Your output consists solely of the lines from the one that contains "近日,中共黑龙江省委政法委员" to the end of the material, each reproduced exactly; pictures do not belong in it.
↓
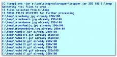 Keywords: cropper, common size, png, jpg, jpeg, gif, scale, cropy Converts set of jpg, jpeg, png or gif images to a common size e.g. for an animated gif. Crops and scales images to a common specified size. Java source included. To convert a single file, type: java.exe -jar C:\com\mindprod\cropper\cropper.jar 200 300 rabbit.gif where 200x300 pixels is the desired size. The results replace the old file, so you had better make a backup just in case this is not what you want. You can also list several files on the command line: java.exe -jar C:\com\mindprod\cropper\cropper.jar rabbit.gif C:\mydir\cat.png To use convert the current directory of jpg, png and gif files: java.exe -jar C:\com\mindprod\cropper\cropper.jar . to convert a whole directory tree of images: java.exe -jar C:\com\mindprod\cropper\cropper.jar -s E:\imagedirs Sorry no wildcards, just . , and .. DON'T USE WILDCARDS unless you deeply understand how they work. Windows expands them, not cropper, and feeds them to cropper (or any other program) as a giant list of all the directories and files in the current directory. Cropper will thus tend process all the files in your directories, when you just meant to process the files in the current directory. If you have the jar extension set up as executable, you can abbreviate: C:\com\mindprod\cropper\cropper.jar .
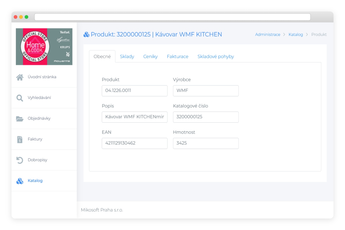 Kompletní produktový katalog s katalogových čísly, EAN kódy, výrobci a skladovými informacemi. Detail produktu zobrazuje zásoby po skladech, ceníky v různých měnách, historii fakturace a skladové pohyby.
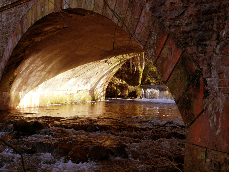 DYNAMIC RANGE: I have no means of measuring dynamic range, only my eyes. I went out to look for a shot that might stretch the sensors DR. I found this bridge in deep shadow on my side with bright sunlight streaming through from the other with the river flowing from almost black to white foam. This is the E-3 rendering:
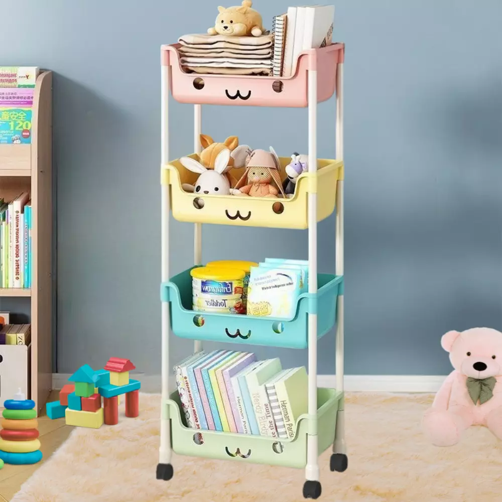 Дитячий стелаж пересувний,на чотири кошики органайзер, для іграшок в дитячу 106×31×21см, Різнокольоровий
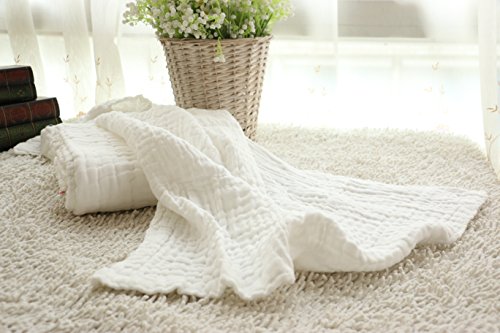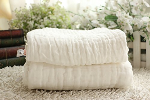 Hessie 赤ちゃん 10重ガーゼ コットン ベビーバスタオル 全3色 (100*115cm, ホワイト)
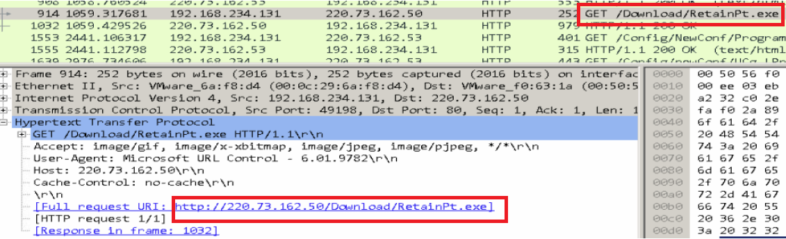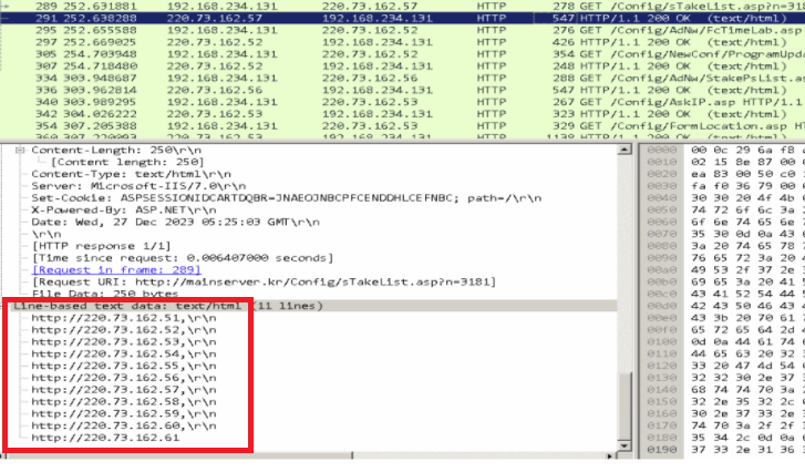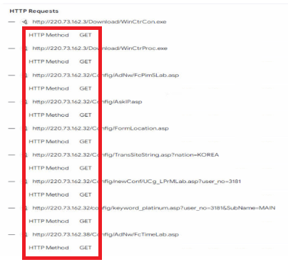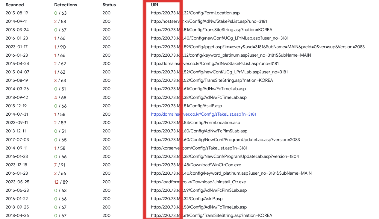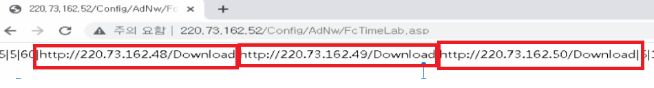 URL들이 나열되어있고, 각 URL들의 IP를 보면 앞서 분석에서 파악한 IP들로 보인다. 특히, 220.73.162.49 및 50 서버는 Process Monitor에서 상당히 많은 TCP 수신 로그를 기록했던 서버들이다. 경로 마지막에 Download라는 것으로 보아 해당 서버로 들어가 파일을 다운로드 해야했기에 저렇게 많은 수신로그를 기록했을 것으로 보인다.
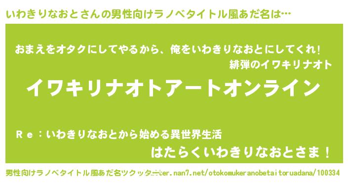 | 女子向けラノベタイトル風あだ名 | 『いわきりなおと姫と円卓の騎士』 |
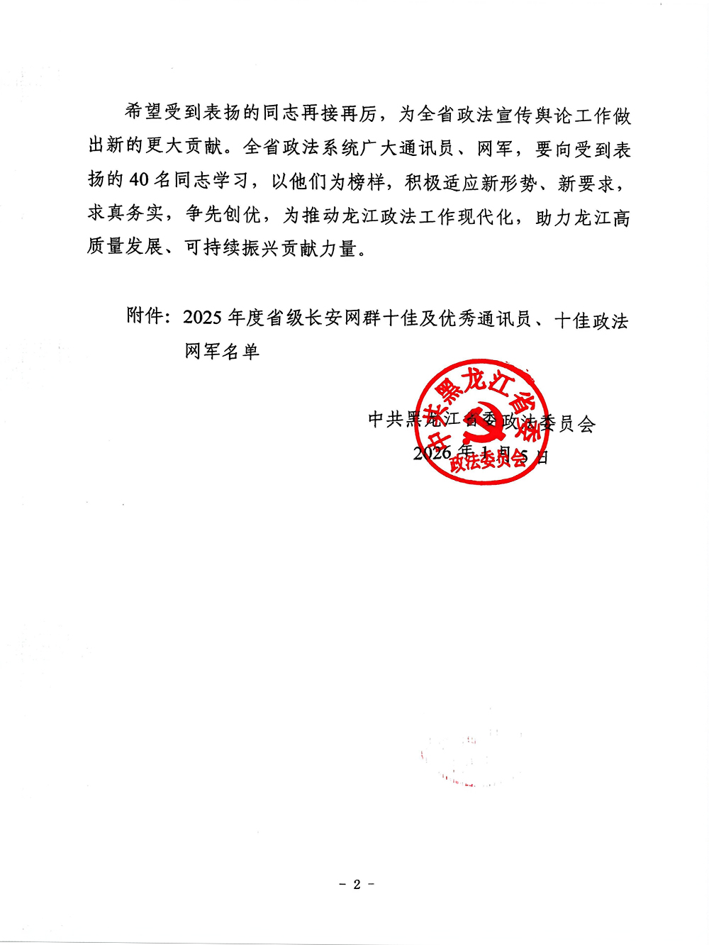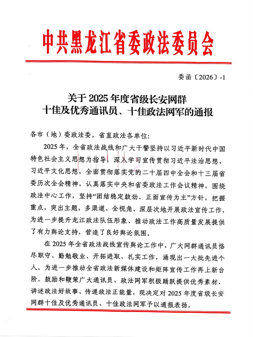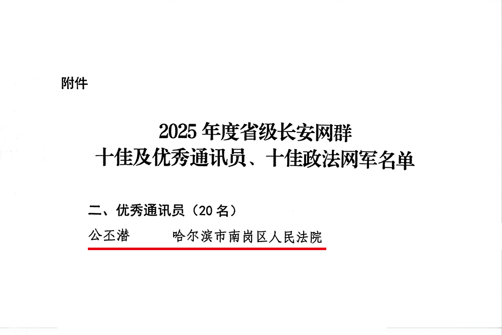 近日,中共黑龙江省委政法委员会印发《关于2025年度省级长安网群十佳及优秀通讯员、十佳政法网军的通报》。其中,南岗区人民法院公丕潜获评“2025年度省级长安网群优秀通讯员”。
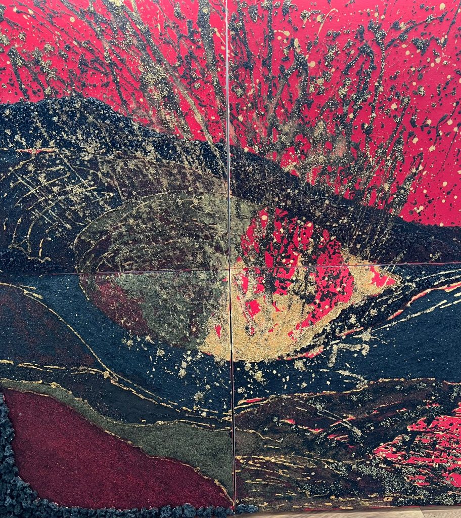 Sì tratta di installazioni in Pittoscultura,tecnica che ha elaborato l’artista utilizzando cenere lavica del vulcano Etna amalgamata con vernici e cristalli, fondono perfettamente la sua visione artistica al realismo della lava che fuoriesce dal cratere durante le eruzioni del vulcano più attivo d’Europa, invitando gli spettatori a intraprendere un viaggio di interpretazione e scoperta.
↑
> [Reply]
 近日,中共黑龙江省委政法委员会印发《关于2025年度省级长安网群十佳及优秀通讯员、十佳政法网军的通报》。其中,南岗区人民法院公丕潜获评“2025年度省级长安网群优秀通讯员”。
 Sì tratta di installazioni in Pittoscultura,tecnica che ha elaborato l’artista utilizzando cenere lavica del vulcano Etna amalgamata con vernici e cristalli, fondono perfettamente la sua visione artistica al realismo della lava che fuoriesce dal cratere durante le eruzioni del vulcano più attivo d’Europa, invitando gli spettatori a intraprendere un viaggio di interpretazione e scoperta.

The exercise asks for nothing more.